*Data provided:*
◆ ◆ ◆ ◆

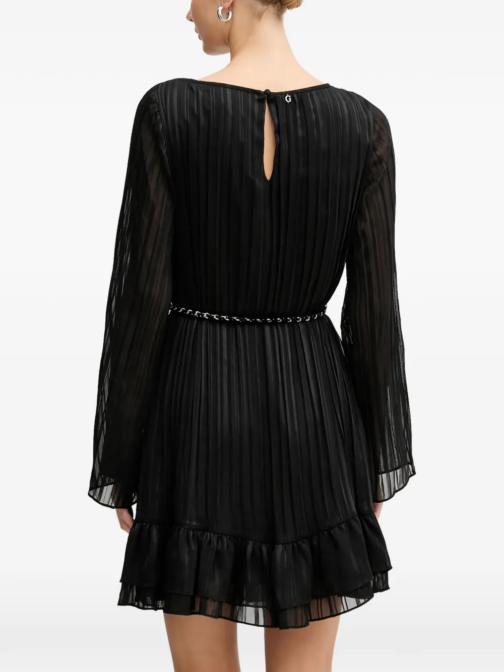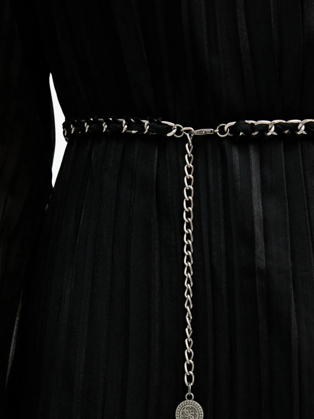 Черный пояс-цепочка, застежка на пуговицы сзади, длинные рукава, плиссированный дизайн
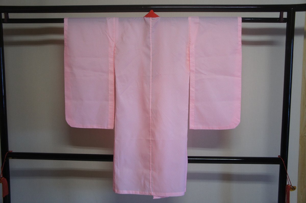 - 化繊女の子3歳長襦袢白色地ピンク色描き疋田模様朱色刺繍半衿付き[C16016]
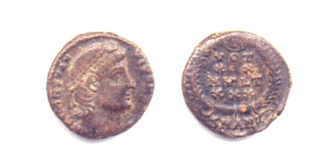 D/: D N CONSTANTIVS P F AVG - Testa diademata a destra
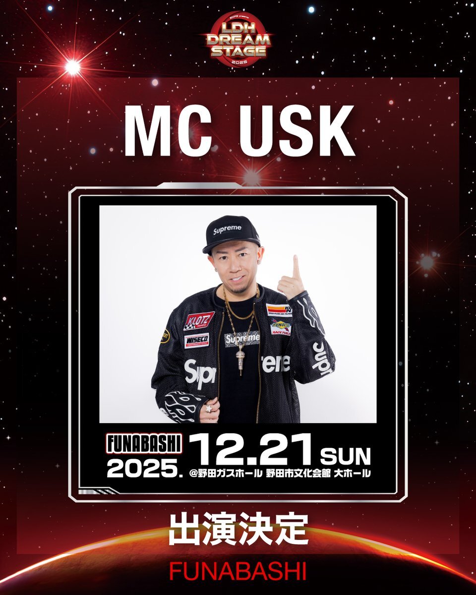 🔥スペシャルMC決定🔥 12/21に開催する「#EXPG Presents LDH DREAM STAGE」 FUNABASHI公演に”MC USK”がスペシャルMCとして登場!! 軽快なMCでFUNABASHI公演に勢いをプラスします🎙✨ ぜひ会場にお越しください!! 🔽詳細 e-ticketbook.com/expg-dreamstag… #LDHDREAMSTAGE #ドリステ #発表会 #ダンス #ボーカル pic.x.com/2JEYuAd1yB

◆ ◆ ◆ ◆

*Problem details:* What is needed is a word-for-word copy of the lines from the start of the data to the line with "D/: D N CONSTANTIVS", inclusive, with no pictures in it.

*Solution to this task:*
 Черный пояс-цепочка, застежка на пуговицы сзади, длинные рукава, плиссированный дизайн
 - 化繊女の子3歳長襦袢白色地ピンク色描き疋田模様朱色刺繍半衿付き[C16016]
 D/: D N CONSTANTIVS P F AVG - Testa diademata a destra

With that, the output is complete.